Am Mittwoch 06 Januar 2010 19:13:01 schrieb Will Ness:

> Daniel Fischer <daniel.is.fischer <at> web.de> writes:

> > Am Mittwoch 06 Januar 2010 00:09:07 schrieb Will Ness:

> > > Daniel Fischer <daniel.is.fischer <at> web.de> writes:

> > > > Am Montag 04 Januar 2010 22:25:28 schrieb Daniel Fischer:

> > > > Fix rfold:

> > > >

> > > > rfold f [x] = x

> > > > rfold f xs = rfold f (pairwise f xs)

> > > >

> > > > and it's faster also for those.

> >

> > The memory is almost completely due to the tree-merging of the multiples

> > for the fastest runner. While it produces faster than flat merging, the

> > exponential growth of the trees makes a bad memory citizen.

>

> Isn't the number of nodes the same in any two trees with the same number of

> leafs?

Sure. And I don't know why it takes *that much* memory, but since a flat merge

doesn't consume much memory, it must be the trees.

>

> BTW using

>

> compos ps = fst $ tfold mergeSP $ nwise 1 mergeSP $ map pmults ps

>

> instead of

>

> compos ps = fst $ tfold mergeSP $ nwise 1 mergeSP

> $ pairwise mergeSP $ map pmults ps

>

> brings down memory consumption further by 25%..45% on 1..8 mln primes

> produced, while slowing it down by about 0%..2% (that's after eliminating

> the lazy pattern in tfold as per your advice).

>

So much? Wow. I forgot the numbers, but I had tried that too, I thought the memory gain wasn't worth the speed loss. Another thing that reduces memory usage is

compos :: [a] -> [a]

compos ps = case pairwise mergeSP (multip ps) of

((a,b):cs) -> a ++ funMerge b (nwise 1 mergeSP $ pairwise mergeSP cs)

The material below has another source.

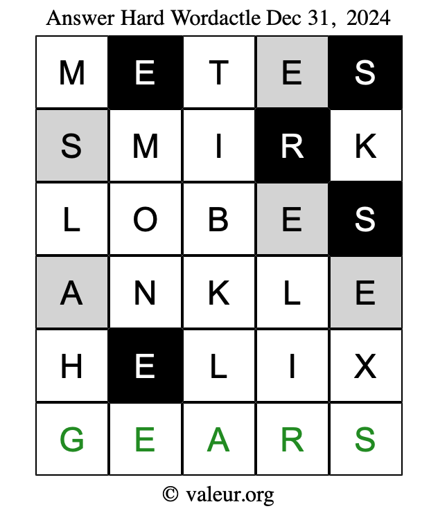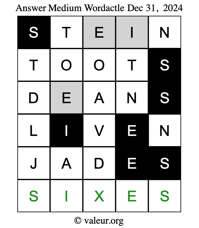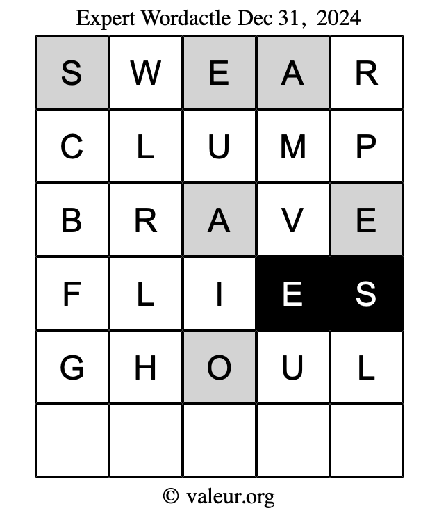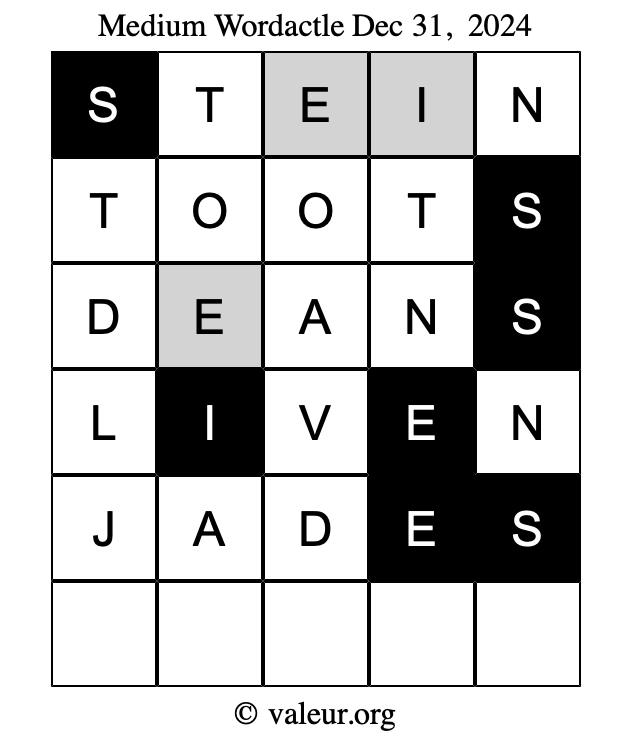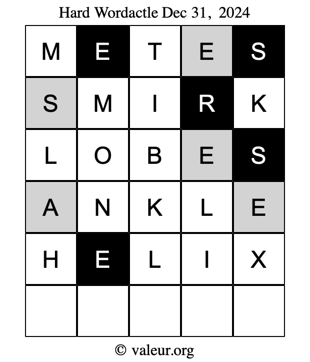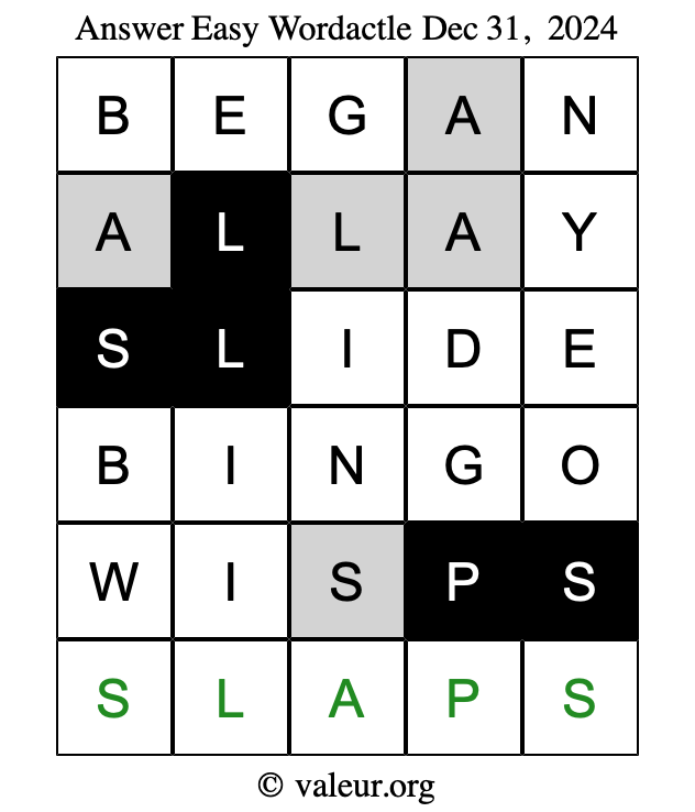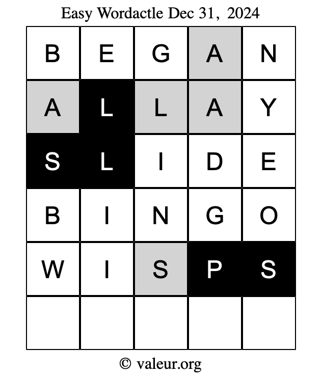 Here are the December 31, 2024 daily four Wordactle puzzles. You are welcome to print a copy of the puzzles and solve them by hand. For your convenience, we have also included the solutions further down the page so you can check your work.

funMerge b (x:y:zs) = let (c,d) = mergeSP x y

in mfun b c d zs

mfun u@(x:xs) w@(y:ys) d l = case compare x y of

LT -> x:mfun xs w d l

EQ -> x:mfun xs ys d l

GT -> y:mfun u ys d l

mfun u [] d l = funMerge (merge u d) l

That's about the same speed as the latter of the above here and uses about 25% less memory. Removing one or two 'pairwise's brings memory down further, but makes it slower.